Updated

According to the annual Uniform Crime report, overall violent crime rose nationally in 2015 compared to the year prior. Property crime, which occurs roughly six times as often as violent crime, went down, however, by an estimated 2.6 percent across the country—continuing the almost unabated drop we’ve experienced for over two decades.

A close look at the data reveals that the largest increases aren’t pervasive nationwide, but are geographically uneven and concentrated among a small handful of cities.

For example, an oft-referenced report from the National Institute of Justice examining 56 large U.S. cities last year found that the 10 with the largest absolute rise in homicides accounted for a full two-thirds of the total increase among those sampled between 2014 and 2015. In fact, among cities with a population of greater than 250,000, almost one-quarter of the entire homicide increase is accounted for by the massive increases in just Baltimore and Chicago!

Even our politicized Department of Justice acknowledged in the NIJ study that the homicide spike in large cities is almost historically unprecedented.  Thus, the geographically-concentrated nature of the spike in violent crime would appear to warrant separate consideration from the state of crime in the rest of the country.

The crime data should be setting off alarm bells in our cities that are seeing spikes in violent crime.

Recent history has a story to tell as well about what has happened in the years following crime spikes.

Since the crime rate began falling in early 1990’s, the number of murders has risen in eight of those years, only to resume their previous decline a year or two later. Likewise, overall crime rose in 2001, but continued to decrease the next year.

Violent crime went up in 2005 and 2006, yet fell again each year through 2014. While it would be foolhardy to suggest that crime will continue falling indefinitely, experience informs us that spikes are generally followed by declines thereafter.
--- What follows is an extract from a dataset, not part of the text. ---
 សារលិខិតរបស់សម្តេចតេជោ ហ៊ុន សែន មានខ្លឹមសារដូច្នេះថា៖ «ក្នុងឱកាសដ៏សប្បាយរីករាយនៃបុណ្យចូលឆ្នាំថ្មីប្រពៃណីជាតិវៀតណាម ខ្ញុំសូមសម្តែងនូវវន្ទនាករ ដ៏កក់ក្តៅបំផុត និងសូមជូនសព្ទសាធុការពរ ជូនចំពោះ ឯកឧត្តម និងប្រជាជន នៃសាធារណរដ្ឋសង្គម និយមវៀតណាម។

While these numbers give us an idea as to the extent of such crime increases, they don’t reveal what factors are driving them. Some have pointed to the country’s burgeoning heroin epidemic and the violence that can attend the illicit drug market. Others have credited the so-called “Ferguson effect,” though criminologists have admitted such a hypothesis requires further investigation.

There do seem to be many local, neighborhood-level dynamics at play that have no obvious analog even in the rest of the city, let alone across the country. For instance, much of Chicago’s current problems appear to be driven by generational problem spots—largely involving gang activity—in just two parts of the city. Such concerns in the Windy City aren’t likely to explain the homicide increase in other cities.
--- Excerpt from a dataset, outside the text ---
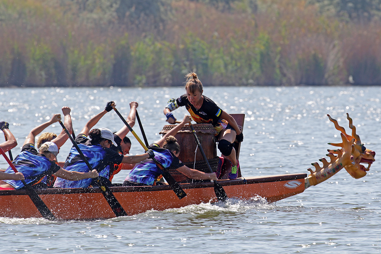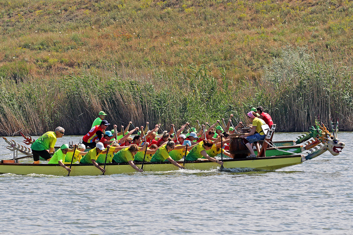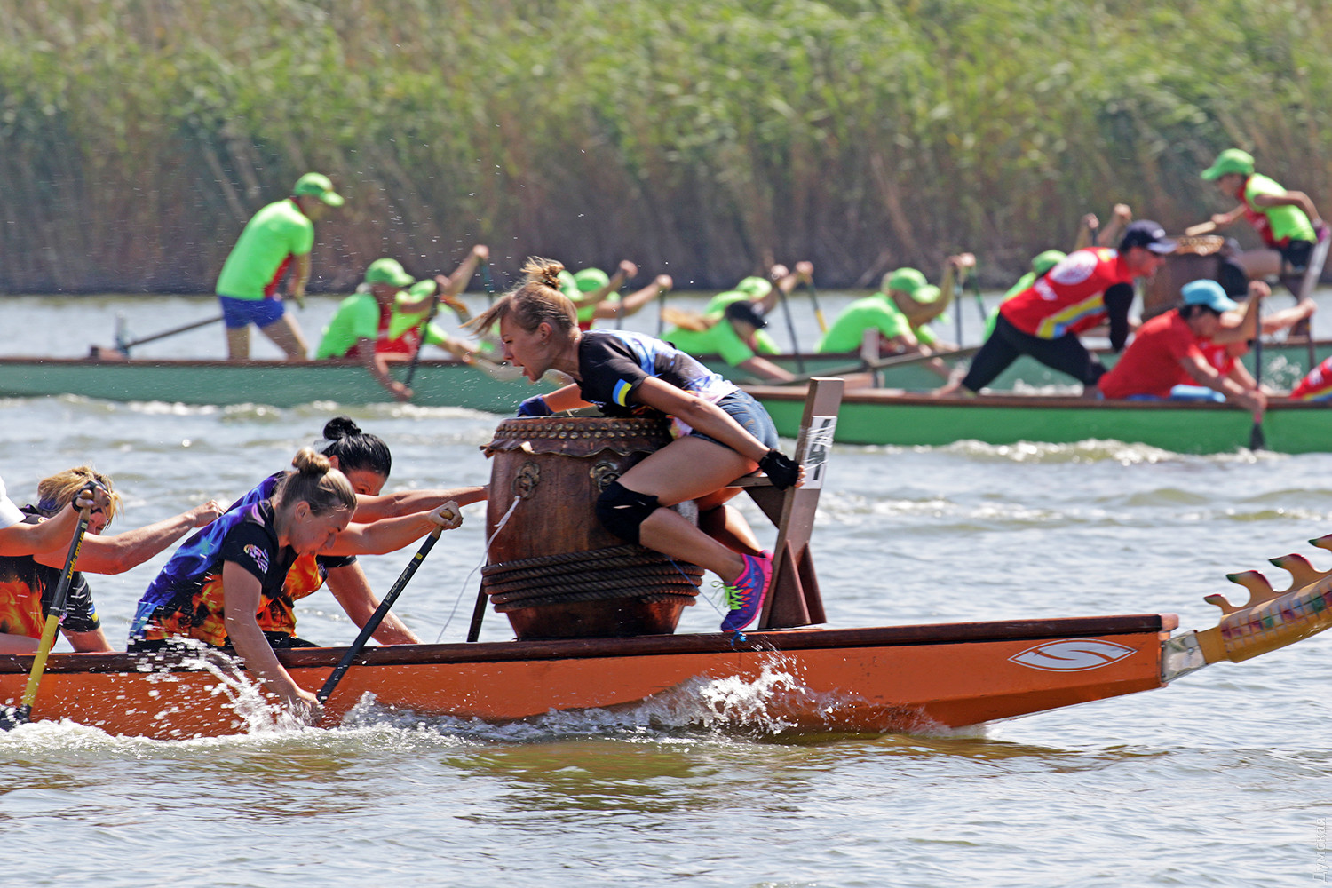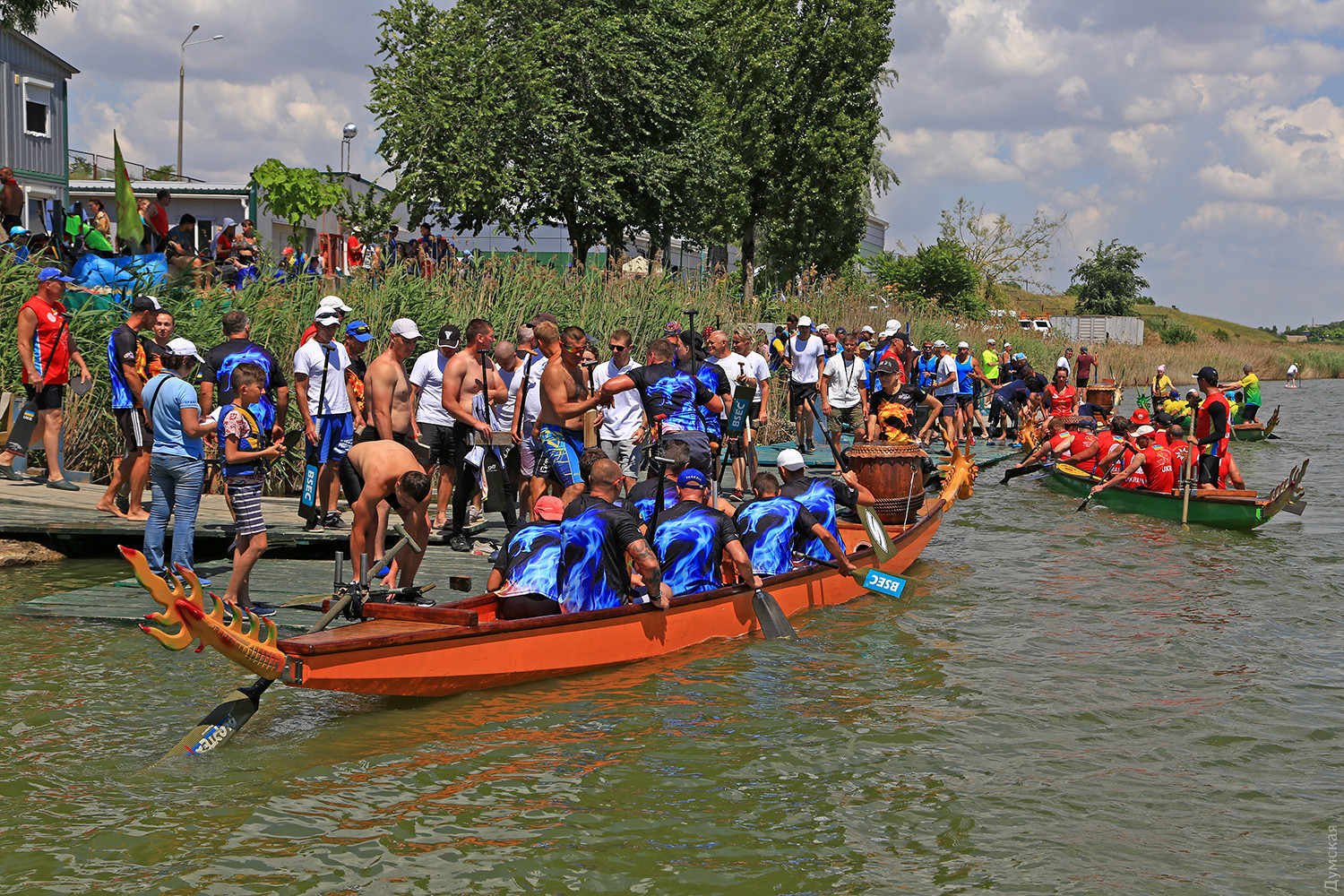Резкий сигнал прерывает предстартовую тишину, и четверка больших лодок срывается с места. Под синхронными ударами весел небольшие суденышки стремительно набирают скорость. Пространство гребной базы наполняется свистом, гиканьем и отчаянными криками рулевых. Хрупкие девушки-барабанщицы, находящиеся в каждой из лодок, отбивают сумасшедший ритм, чтобы заставить гребцов работать на всю мощь. Кажется, что хищные морды драконов, подчеркивая накал борьбы, изрыгают языки пламени, а барабанная дробь и крики зрителей сливается в громкую какофонию. Примерно так выглядят состязания в сравнительно новом виде гребных единоборств — гонках на драгонботах. В субботу и воскресенье эти соревнования в рамках Кубка Черного моря прошли на базе спортклуба «Химик», что в городе Южном. Несмотря на сравнительную молодость, этот вид гребли стал очень популярным в Украине. Правила и традиции уходят в Поднебесную – именно в древнем Китае много веков назад зародились эти соревнования. Лодки имеют специальную конструкцию для посадки пяти пар гребцов, место для рулевого с большим веслом на корме и барабанщика с инструментом впереди. Нос судна обязательно должен быть увенчан внушительной хищной мордой дракона в традиционном китайском стиле. На этот раз за Кубок поборолись 16 команд из 11 городов Украины. Всего в гонках участвовало 298 спортсменов, самому младшему из которых — 12 лет, а самому старшему 65. Со своим драгонботом была даже команда из Тирасполя, которая, впрочем, не афишировала свое местоположение и гордо именовалась молдавской. Одесситы выставили две команды, а Киев целых три. Среди 16 команд, конечно, были свои фавориты. Несомненные шансы на успех имела одесская «Академия гребного спорта», львовская команда «Отаман» и очень сильные «Драконы» из городка Горишние плавни Полтавской области. Также отнюдь не в аутсайдерах значилась опытная команда «Сборная Украины 60+». Надо сказать, что украинцы имеют достаточно мощные традиции в этом виде спорта. Наша сборная и отдельные команды не раз привозили медали с чемпионатов мира и Европы. В подтверждение высокого класса украинских спортсменов стало решение о проведении в Киеве командного Кубка наций в будущем году. Соревнования в столице пройдут с 8 по 12 сентября 2019 года. Стоит отметить, что Одесский облсовет не остался равнодушным к этому виду спорта и даже оказывал нашим спортсменам помощь в поездке в китайский Куньмин на прошлогодний чемпионат мира. В одном из видов состязаний на драгонботах украинцы даже заняли весь пьедестал. В первых рядах были одесситы. Сетка соревнований на драгонботах достаточно сложна. Она предусматривает заезды мужских, женских и смешанных команд, а также юниоров до 19 лет. Дистанций тоже несколько, но сегодня разыгрывалась спринтерская – 200 метров и более длинная – километровая — 2 по 500 метров с поворотом в обратном направлении, всего 7 комплектов наград. Глава федерации Одесской области по гребле на драгонботах Карине Вартанян рассказала, что одесская команда «Академия гребного спорта» была хорошо подготовлена, но ей немного не повезло. «Перед решающим заездом на 1000 метров нам не улыбнулась фортуна. Мы уже вышли на старт, но один из гребцов обнаружил трещину в весле, которая привела бы к его поломке на дистанции. Поэтому нам пришлось вернуться, чтобы заменить весло. Э

So what to do about these increases in crime? Plenty of laws already exist to punish violent criminals and research questions the level of correlation between longer sentences and lower crime rates.

Strategies that do show evidence of effectiveness include policing that’s focused on high-risk individuals or geographic areas, and/or deterrence-based approaches that hold entire gangs accountable should individual members engage in criminal behavior.

Whatever method is employed, it will require significant buy-in from those members of law enforcement tasked with implementing it, as they’ll be our first line of defense in curbing increased crime in these trouble spots. Moreover, for the police to do their job to enforce the law will also require support for good law enforcement from those in power in our violent cities.

The crime data should be setting off alarm bells in our cities that are seeing spikes in violent crime. But city-level data suggests that these increases were less uniform than jumps that occurred in the past, while also showing that violent crime spikes experienced last year in several large cities have since started reversing themselves so far this year.

Communities across the country still have far safer streets than twenty years ago, as homicide and overall violent crime rates are roughly half of their early-1990’s peaks.

We should endeavor to keep them that way by espousing those strategies and policies that have proven to be effective.